Письмецо это, свернутое в треугольник – клея у отца не было, – пролежало три дня в секретариате трибунала: почерк у старика был неразборчивый. А когда, промусолив насквозь письмо, поняли, что это пишет отец Тернопольченко, по трибуналу пошли разговоры, и смотрели на него люди с высокой почтительностью и жалостью, а некоторые с жестоким недоумением. Пробежав письмо, Тернопольченко сунул его в карман гимнастерки, словно бы забыл о нем, но вечером заглянул к экспертам:
– Кто выручит стаканом спирта? Деньги отдам через три месяца.
Эксперт Мануйлов[23 - Расстрелян в 1937 г. – Ю. С.] налил ему стакан.
– Как ты думаешь, Мануйлов, когда у человека начинается старость? – спросил Тернопольченко, выпив.
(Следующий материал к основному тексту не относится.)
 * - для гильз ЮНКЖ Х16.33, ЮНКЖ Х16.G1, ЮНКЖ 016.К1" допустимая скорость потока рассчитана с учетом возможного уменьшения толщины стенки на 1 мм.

– Я думаю, первые признаки проявляются годам к сорока…
– Неверно говоришь, товарищ Мануйлов. Стареть мы все начинаем с первым криком, в миг рождения. Важно определить момент, когда процесс этот наиболее интенсивен… Я, сколько себя в детстве помнил, всегда о смерти думал – очень помереть боялся. Помню отчетливо, знаешь ли, летний жаркий день, стрекозы летают по лугу… А луг рыжий, выгорел под солнцем. И кузнечики еще там были с синими крылышками… И так стало мне вдруг страшно, что умру и темно будет и никогда больше кузнечиков этих самых не увижу, что заплакал я – вроде бы, знаешь ли, даже истерика у меня тогда была. Найти бы этот проклятый период, когда человек обрушивается в старость… Мне кажется, знаешь ли, что в старости человек уж больше не стареет: он после какого-то времени консервируется и таким умирает… Чем больше мы страшимся постареть, тем стремительнее стареем, Мануйлов.
Вот к этому человеку, Нестору Тернопольченко, и пришел в одиннадцать часов вечера странный посетитель.
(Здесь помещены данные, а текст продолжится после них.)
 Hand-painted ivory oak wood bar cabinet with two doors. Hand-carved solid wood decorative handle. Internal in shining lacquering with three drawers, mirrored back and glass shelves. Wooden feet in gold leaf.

– Добрый вечер, я к вам с разговором.
– Кто вы?
– Позвольте мне пока что себя не называть…
– Я не могу говорить с человеком, не зная его фамилии.
– Моя фамилия Сорокин, я работаю в военведе. Дело, с которым я пришел, необычное, поверьте мне, – иначе я бы и не посмел, товарищ Тернопольченко, к вам обратиться.
– Слушаю вас…
– Товарищ Тернопольченко. Тут арестован МЧК паренек, Белов Григорий… Он мне не сват и не брат, просто парню только-только сравнялось двадцать… Работал он в Гохране и совершил хищение – взял там часы какие-то, браслетки, не зная их ценности, не понимая, как это жестоко по отношению к нашей республике… Я помню ваше дело по обвинению работников Главтопа: вы приговорили их к расстрелу, но сами же обратились во ВЦИК с ходатайством о помиловании – в силу того что преступление совершено несознательно, а двое обвиняемых по делу тоже были совсем молодые люди.
– Ну и чего же вы хотите от меня?
– Если вы спасете жизнь Белову, тогда его родные передадут вам двадцать миллионов рублей. Я могу от их лица гарантировать тайну: про это будут знать только вы и я.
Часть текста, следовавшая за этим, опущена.